* **EXERCISE BRIEF**
For this exercise, output the entries below exactly from the line that holds "beans, salsa, veggie" to the line that holds "Подвеска из красного", both ends included. No pictures belong in the copy.

* **SUPPLIED RECORDS**
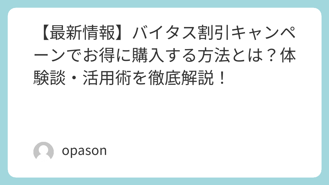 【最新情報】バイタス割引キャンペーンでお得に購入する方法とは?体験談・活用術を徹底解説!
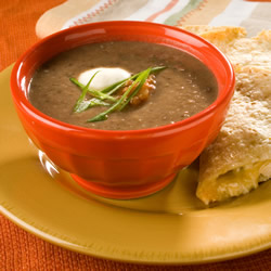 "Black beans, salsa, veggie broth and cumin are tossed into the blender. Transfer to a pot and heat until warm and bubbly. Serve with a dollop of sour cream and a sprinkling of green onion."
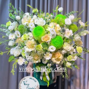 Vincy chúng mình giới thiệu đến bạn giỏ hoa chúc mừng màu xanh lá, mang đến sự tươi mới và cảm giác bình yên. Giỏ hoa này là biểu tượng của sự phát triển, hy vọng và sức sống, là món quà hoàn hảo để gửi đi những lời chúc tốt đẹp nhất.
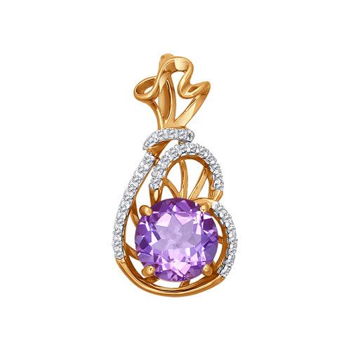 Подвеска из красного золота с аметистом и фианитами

--

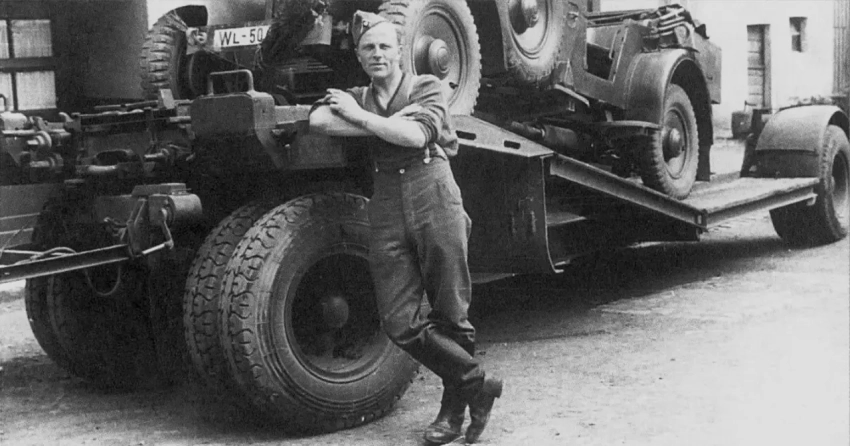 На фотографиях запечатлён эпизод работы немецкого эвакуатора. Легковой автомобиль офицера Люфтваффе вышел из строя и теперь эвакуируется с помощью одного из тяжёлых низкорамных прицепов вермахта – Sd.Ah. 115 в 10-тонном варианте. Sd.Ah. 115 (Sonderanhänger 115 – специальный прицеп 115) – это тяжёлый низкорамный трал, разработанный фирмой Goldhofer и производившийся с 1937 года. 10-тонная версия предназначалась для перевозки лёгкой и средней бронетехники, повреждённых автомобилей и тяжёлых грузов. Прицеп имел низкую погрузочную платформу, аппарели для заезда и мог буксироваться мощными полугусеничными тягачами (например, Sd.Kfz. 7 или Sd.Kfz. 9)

* **TASK RESULT**
 "Black beans, salsa, veggie broth and cumin are tossed into the blender. Transfer to a pot and heat until warm and bubbly. Serve with a dollop of sour cream and a sprinkling of green onion."
 Vincy chúng mình giới thiệu đến bạn giỏ hoa chúc mừng màu xanh lá, mang đến sự tươi mới và cảm giác bình yên. Giỏ hoa này là biểu tượng của sự phát triển, hy vọng và sức sống, là món quà hoàn hảo để gửi đi những lời chúc tốt đẹp nhất.
 Подвеска из красного золота с аметистом и фианитами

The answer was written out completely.